Likewise, Tay Wee Kuang and Lim Siew Khee from CGS-CIMB say that they have reduced their sum-of-the-parts based target price after reducing its FY2023/FY2024/FY2025 earnings per share (EPS) estimates by 28.6%/17.3%/5.0%, as they expect Wilmar to slowly return to pre-Covid-19 profitability.

Tay and Lim believe that the weak consumer sentiment in China will not be able to support cost pass-through in the near term, while near-term cost pressures remain as it will take time for higher-priced feedstock such as wheat to be absorbed.

Although they think that sales volumes are likely to continue growing, Wilmar’s FY2023 profitability may continue to be weighed down.

Noting a share price weakness in Wilmar’s listed subsidiaries, Yihai Kerry Arawana and Adani-Wilmar, their target price has been reduced to $4.05.

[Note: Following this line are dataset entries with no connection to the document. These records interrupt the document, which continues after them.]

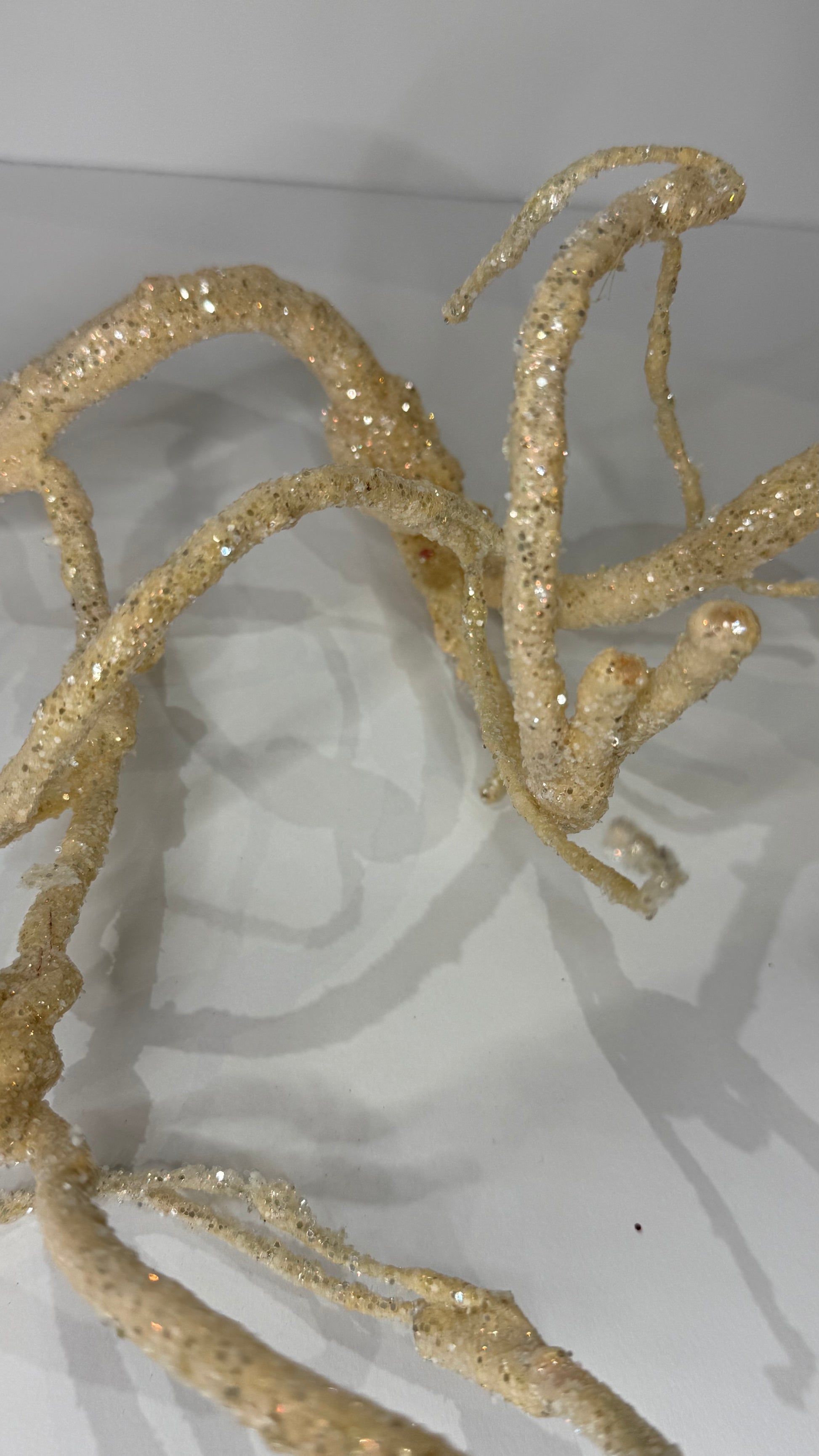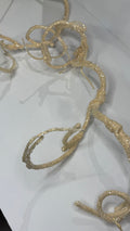 Elegante rama de diseño retorcido en tono marfil, recubierta con un delicado acabado de glitter dorado que aporta brillo y sofisticación. Ideal para complementar arreglos florales, coronas, guías o para dar un toque resplandeciente a tu árbol de Navidad. Su textura y forma orgánica generan un efecto moderno y llamativo, perfecto para crear ambientes festivos llenos de luz y estilo. 70 cm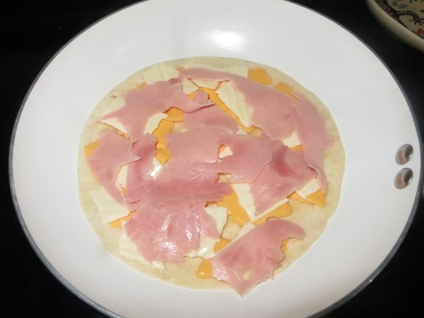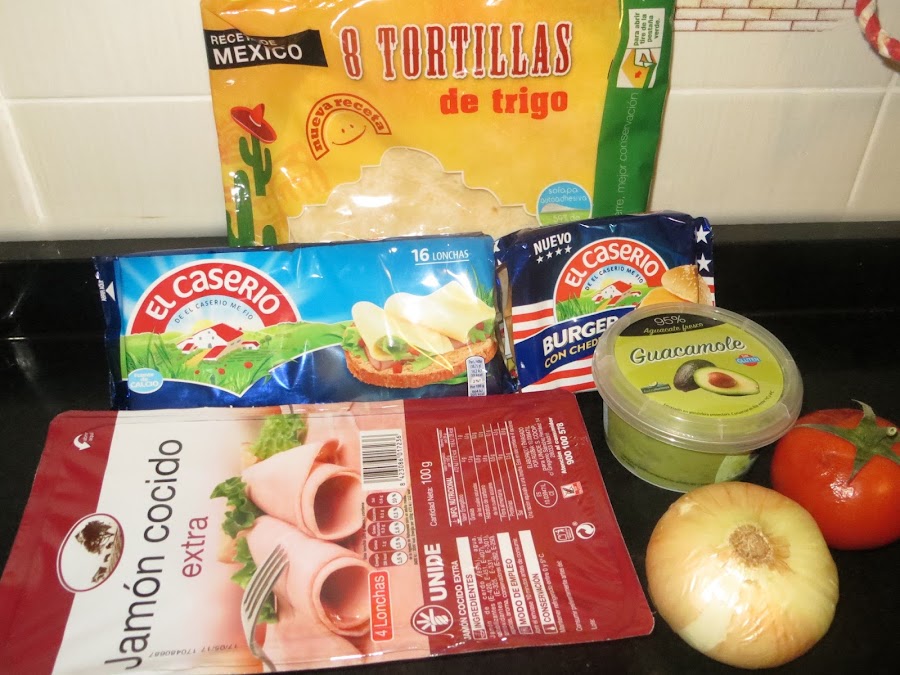 Luego nos ponemos a preparar nuestras quesadillas, colocamos una tortilla de trigo y ponemos encima en trozos dos lonchas de queso cheddar, otras dos de queso blanco y otras dos de jamón de york. La ponemos en una sartén a fuego medio y cuando haya estado un par de minutos le damos la vuelta como si fuera una tortilla y la tenemos otro par de minutos por el otro lado. La sacamos a un plato y le añadimos el pico de gallo por encima y colocamos las dos salsas a su lado para que los comensales vayan mojando. Ahora hacemos lo mismo con nuestra otra quesadilla y ya tenemos preparada nuestra deliciosa cena.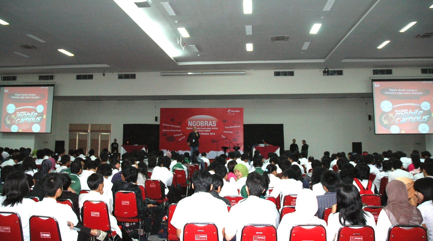 Telkomsel mengadakan acara Road Show Mobile Campus 2010 dengan tema Event NGOBRAS (Ngobrol Santai). Kegiatan yang rutin dilakukan setiap tahunnya oleh Kantor Pusat ini bertempat di Aula Politeknik Telkom Jl.Telekomunikasi, Ters. Buah Batu, Bandung . Seminar mengenai Dunia Kerja, Wirausaha, Fotografi, Tren BackBerry dan Informasi & Tips Teknologi ini diadakan secara besar-besaran diikuti oleh sekitar 1000 mahasiswa dari Politeknik Telkom, STISI Telkom, IMT Telkom dan IT Telkom dengan pendaftaran gratis dan disediakan makan siang gratis. Syaratnya adalah mahasiswa dan pengguna Telkomsel, jika belum menggunakan produk Telkomsel maka mahasiswa diperkenankan membeli perdana As seharga Rp.2.000,-/pcs di Customer Service Politeknik Telkom lantai 1.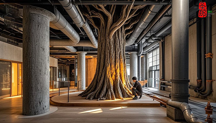 項目描述:用仿真樹裝飾立柱,既解決了柱子裝飾問題又創造出了高仿真的自然環境,讓員工在綠意盎然的環境中工作,心情愉悅。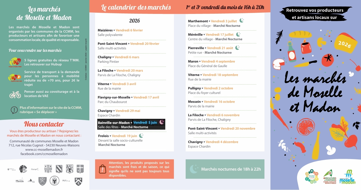 Marchés de Moselle et Madon 2026 Auteur/autrice de la publication :Mairie de Bainville Publication publiée :27 janvier 2026 Post category:Animations / Marché de producteurs Commentaires de la publication :0 commentaire Voilà le dépliant des marchés de la CCMM avec les dates et les producteurs. Pour Bainville, ce sera le vendredi 5 juin de 18h à 22h. Vous devriez également aimer Luthopie au marché de la CCMM à Bainville-sur-Madon, le 3 octobre 2025 23 septembre 2025 Retrouvez Les Malices à Malou au marché de la CCMM à Bainville-sur-Madon, le 3 octobre 2025 26 septembre 2025 Les 110 ans… de la Grande Guerre (10-11 novembre 2024) ! 25 octobre 2024 Laisser un commentaire Annuler la réponseCommentEnter your name or username to comment Enter your email address to comment Saisir l’URL de votre site (facultatif) Δ

“We see limited catalysts in the near term due to volatility of raw material costs, as well as overhang from the recent news of Adani looking to sell its 44% stake in Adani-Wilmar,” they say. “Nevertheless, we think Wilmar will continue to benefit from the progressive recovery in China’s economy.”

Finally, Citi analyst Jame Osman says that he continues to view Wilmar as a recessionary and inflationary hedge, and a China reopening play.

He looks to a better 2HFY2023 driven by sales volume recovery as he notes that Wilmar’s management has shared that it has observed an improvement in demand in the market with 1HFY2023 marking a bottom, resulting in an expectation of a better 2HFY2023 h-o-h.

He notes that the magnitude of recovery will unsurprisingly be tied to China’s macro backdrop.

However, unlike the few analysts before him, Osman thinks that El Nino weather impact is an upside tail risk for Wilmar, as higher prices will ultimately benefit their upstream and refining margins.

Osman cuts his FY2023-FY2024 EPS forecasts by 38%/18%/11%, mainly after tempering his margin assumptions to factor 1HFY2023 trends.

His new lowered target price is based on a target multiple of about 12x (about 1 standard deviation (s.d.) below past 10-year mean of about 14x previously, to reflect the near-term uncertainty around consumption recovery.

“Our positive mid- to longer-term structural view of Wilmar and its business model remains intact, considering its positioning as an integrated and diversified food producer in two of the largest consumer growth markets of China and India,” he says. “Valuations remain inexpensive, with the stock trading at FY2024 price earnings ratio of 9x; >1 s.d. below the past 10-year mean of 14.2x.”

As at 3.57pm, shares in Wilmar International are trading 4 cents lower, or 1.10% down at $3.60.